Matthew Hines is an audio technologist specializing in post production and audio mastering by day, and a keyboardist by night. Hailing from England, where he cut his teeth editing MIDEM award-winning classical recordings, dialogue and audio restoration for Nimbus Records, he’s called USA home for the last eight years. Freelancing as a sound designer and dialogue editor for independent film soon led him to a role as Audio/Multimedia Producer and Product Manager with iZotope, working with a dedicated team over the last five years to deliver key innovations such the RX Post Production Suite and most recently, VocalSynth, which released today.
Designing Sound: iZotope excels at creating both creative and utilitarian plugins. How does the makeup of the company influence the kinds of products you develop and how do you ensure consistency?
Matthew Hines: Almost everyone at iZotope, regardless of their role, is either a musician, a freelance audio or post engineer, or at least a music and audio fidelity enthusiast.
With that many creatives in one place, it can be a lively office environment, and there’s no shortage of inventive ideas… even as the context switches between experimental, musical sound design tools and the more technical, audio repair innovations you referenced.
Though on the surface, building a feature dedicated to workflow enhancement may be less exciting than the next great vocal effect (see VocalSynth, released at the time of writing), it may in fact be incredibly meaningful to our users. We find coming into work and asking ourselves “what can we push ourselves to do that hasn’t been done before” helps to keep us fresh, both internally and externally, in what it is we bring to the table.
As far as consistency, well, it’s a team effort, but part of my daily challenge as a producer and manager of the products is to ensure that our ideas are channeled into places that make sense, that tell a story from version to version, and also to perhaps establish the parameters within which we foster and encourage ideas in the first place.
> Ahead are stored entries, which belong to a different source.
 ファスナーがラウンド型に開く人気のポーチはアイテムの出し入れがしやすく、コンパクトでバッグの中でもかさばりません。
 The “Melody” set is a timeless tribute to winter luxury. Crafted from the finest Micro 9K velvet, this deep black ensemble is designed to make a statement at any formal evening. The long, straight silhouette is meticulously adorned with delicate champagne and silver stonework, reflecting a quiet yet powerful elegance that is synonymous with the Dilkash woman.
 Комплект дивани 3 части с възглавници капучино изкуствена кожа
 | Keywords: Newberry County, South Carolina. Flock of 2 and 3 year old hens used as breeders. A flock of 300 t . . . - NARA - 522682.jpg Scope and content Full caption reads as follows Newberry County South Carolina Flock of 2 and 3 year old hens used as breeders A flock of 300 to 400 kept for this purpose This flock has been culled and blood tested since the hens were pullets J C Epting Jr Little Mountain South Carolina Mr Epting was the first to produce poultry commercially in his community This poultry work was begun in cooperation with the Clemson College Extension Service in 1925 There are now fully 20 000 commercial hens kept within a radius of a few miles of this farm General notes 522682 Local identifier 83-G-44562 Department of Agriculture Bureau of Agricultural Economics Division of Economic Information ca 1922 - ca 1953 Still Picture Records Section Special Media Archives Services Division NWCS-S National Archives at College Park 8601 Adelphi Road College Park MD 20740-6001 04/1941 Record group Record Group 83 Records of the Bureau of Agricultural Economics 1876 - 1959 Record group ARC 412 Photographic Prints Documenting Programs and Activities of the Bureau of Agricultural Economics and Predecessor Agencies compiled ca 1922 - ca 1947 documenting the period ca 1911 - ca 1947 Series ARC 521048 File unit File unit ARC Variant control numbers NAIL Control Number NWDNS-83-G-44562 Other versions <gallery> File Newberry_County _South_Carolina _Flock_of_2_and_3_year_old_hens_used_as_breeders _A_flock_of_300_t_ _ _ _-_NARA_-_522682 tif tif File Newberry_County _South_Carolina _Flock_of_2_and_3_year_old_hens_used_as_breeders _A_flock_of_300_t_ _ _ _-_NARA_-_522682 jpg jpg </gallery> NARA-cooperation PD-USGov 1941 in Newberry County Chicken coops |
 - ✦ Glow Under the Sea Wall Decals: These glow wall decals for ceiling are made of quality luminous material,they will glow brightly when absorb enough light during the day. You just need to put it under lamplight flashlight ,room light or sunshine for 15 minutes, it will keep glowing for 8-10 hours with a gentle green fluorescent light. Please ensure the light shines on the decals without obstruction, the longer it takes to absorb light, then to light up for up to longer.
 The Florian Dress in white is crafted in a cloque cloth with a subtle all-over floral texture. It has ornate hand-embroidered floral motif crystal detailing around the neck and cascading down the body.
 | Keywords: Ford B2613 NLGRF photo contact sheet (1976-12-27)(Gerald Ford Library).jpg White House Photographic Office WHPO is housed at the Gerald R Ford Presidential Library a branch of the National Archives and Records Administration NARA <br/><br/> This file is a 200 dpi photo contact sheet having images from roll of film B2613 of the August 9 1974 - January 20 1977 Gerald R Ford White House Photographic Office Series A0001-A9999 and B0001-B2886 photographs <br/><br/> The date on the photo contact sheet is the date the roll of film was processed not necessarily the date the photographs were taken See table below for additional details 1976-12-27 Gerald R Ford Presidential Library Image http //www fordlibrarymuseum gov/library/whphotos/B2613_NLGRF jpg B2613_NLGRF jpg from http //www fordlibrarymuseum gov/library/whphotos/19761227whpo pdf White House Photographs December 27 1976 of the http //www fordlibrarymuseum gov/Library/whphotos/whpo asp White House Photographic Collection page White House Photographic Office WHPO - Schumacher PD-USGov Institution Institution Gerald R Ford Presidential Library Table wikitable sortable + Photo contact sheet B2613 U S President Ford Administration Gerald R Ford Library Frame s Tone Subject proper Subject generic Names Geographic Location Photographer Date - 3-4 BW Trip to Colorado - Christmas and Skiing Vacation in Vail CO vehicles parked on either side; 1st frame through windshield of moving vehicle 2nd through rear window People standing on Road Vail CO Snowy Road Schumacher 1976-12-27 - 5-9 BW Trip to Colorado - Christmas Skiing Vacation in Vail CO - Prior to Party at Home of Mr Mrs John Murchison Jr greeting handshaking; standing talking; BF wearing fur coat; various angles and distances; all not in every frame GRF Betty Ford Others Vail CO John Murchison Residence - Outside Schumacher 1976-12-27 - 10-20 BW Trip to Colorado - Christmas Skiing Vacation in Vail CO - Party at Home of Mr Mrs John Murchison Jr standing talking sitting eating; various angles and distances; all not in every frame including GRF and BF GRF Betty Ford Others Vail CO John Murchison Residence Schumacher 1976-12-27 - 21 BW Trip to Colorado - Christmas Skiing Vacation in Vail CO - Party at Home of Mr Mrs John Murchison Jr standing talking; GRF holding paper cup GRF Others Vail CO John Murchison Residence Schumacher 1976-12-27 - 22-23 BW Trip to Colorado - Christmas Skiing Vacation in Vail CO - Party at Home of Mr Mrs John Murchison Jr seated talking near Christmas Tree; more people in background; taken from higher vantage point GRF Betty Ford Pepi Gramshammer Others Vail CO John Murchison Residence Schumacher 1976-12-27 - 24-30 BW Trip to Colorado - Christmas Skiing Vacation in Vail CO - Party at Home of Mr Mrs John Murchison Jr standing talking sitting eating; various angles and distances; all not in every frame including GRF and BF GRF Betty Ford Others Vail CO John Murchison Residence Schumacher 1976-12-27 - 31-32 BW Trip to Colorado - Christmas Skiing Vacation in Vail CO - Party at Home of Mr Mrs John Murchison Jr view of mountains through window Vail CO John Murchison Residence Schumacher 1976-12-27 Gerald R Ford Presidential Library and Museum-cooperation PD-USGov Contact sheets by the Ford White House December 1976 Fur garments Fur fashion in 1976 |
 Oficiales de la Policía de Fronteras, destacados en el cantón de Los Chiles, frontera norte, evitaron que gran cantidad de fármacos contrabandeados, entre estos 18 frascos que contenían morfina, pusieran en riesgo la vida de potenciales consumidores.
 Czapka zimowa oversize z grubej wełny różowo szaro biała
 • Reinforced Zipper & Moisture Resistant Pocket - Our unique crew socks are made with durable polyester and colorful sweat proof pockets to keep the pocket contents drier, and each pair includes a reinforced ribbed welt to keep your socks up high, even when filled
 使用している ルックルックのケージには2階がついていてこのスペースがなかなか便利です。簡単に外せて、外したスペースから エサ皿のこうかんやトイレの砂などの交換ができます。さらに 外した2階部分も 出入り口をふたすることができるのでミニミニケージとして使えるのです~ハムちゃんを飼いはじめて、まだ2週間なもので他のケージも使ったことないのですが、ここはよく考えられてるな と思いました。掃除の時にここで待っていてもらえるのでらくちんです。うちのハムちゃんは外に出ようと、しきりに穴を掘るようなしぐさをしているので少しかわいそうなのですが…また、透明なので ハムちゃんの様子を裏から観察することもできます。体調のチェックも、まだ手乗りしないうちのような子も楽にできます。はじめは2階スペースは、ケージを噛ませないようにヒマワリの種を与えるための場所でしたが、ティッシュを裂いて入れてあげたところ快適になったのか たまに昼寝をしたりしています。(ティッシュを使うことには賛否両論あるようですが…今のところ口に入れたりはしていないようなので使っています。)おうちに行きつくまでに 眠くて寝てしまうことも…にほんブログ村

Which I suppose leads to your next question…
DS: How do you develop ideas for new products?
MH: It’s a never ending, iterative process.
Of course, we’re always on the road, both physically and virtually, listening to and engaging with users and nonusers alike. Typically, we glean from this a mixture of feature requests and nonspecific desired outcomes, both of which we can then investigate and research potential ideas or solutions for.
As mentioned above, we’re all creative people, so we periodically hold a two day event called The iZotope Open. In the runup to the event itself, anyone at the company can submit an idea, which could be anything from a new product to an internal process improvement… there’s no bad ideas right? We then vote on what we’re most interested in, and compelled to work on, divide into teams, and then the hackathon commences. By the end, we all present our work, our proofs of concept. If hackathon sounds like a fun, but ultimately amateurish approach, it really isn’t… ideas from the iZotope Open have become reality! Most recently, we launched DDLY, an interesting threshold-based approach to delay, and the impetus to release that product came about as a result of the proof of concept shown at the Open.
DS: How would you describe VocalSynth and how did the original idea come about?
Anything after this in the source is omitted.